The shell is the program that interprets what you type as
commands and arguments.
It also looks after translating ``*'', etc.,
into lists of filenames.
.PP
The shell has other capabilities too.
For example, you can start two programs with one command line
by separating the commands with a semicolon;
the shell recognizes the semicolon and
breaks the line into two commands.
Thus
.B1
date; who
.B2
does both commands before returning with a ``%''.
.PP
You can also have more than one program running
.ul
simultaneously
if you wish.
For example, if you are doing something time-consuming,
like the editor script
of an earlier section,
and you don't want to wait around for the results before starting something else,
you can say
.B1
ed  file  <script &
.B2
The ampersand at the end of a command line
says ``start this command running,
then take further commands from the terminal immediately.''
Thus the script will begin,
but you can do something else at the same time.
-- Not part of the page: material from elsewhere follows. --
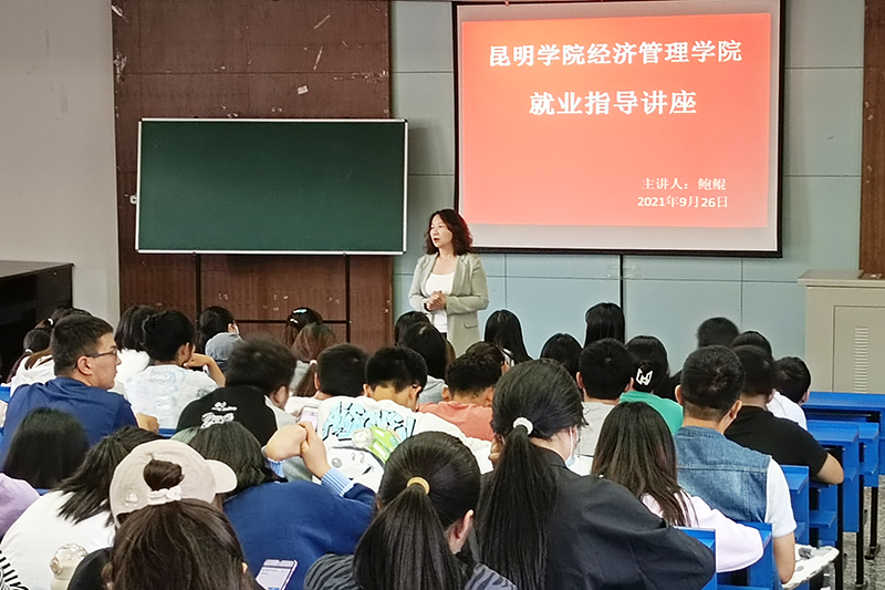 9月26日,经济管理学院在昆师路校区阶梯教室举办了“2022届毕业生就业指导”最后一场讲座,为国际经济与贸易、工商管理、物流管理、人力资源管理和城市管理5个专业7个班共232人展开宣讲,帮助毕业生解决就业中的困惑,进一步树立正确的就业观和择业观,全面了解目前的就业形势、就业政策,转变就业观念,提高就业技能。学院党委副书记鲍鲲和辅导员陈竹俊担任主讲。

Of course, to keep the output from interfering
with what you're doing on the terminal,
it would be better to have said
.B1
ed  file  <script >lines &
.B2
which would save the output lines in a file
called
``lines''.
.PP
When you initiate a command with ``&'',
.UC UNIX
replies with a number
called the process number,
which identifies the command in case you later want
to stop it.
If you do, you can say
.B1
kill process-number
.B2
You might also read
.SE ps (I).
.PP
You can say
.B1 1
(command-1; command-2; command-3) &
.B2
to start these commands in the background,
or you can start a background pipeline with
.B1
command-1 | command-2 &
.B2
.PP
Just as you can tell the editor
or some similar program to take its input
from a file instead of from the terminal,
you can tell the shell to read a file
to get commands.
(Why not? The shell after all is just a program,
albeit a clever one.)
For instance, suppose you want to set tabs on
your terminal, and find out the date
and who's on the system every time you log in.
Then you can put the three necessary commands
(
.C tabs ;
.C date ;
.C who )
into a file, let's call it  ``xxx'',
and then run it with
either
.B1
sh xxx
.B2
or
.B1
sh <xxx
.B2
This says to run the shell with the file ``xxx'' as input.
The effect is as if you had typed 
the contents of ``xxx''
on the terminal.
(If this is to be a regular thing,
you can eliminate the 
need to type
``sh'';
see
.SE chmod (I)
and
.SE sh (I).)
.PP
The shell has quite a few other capabilities as well,
some of which we'll get to in the section on programming.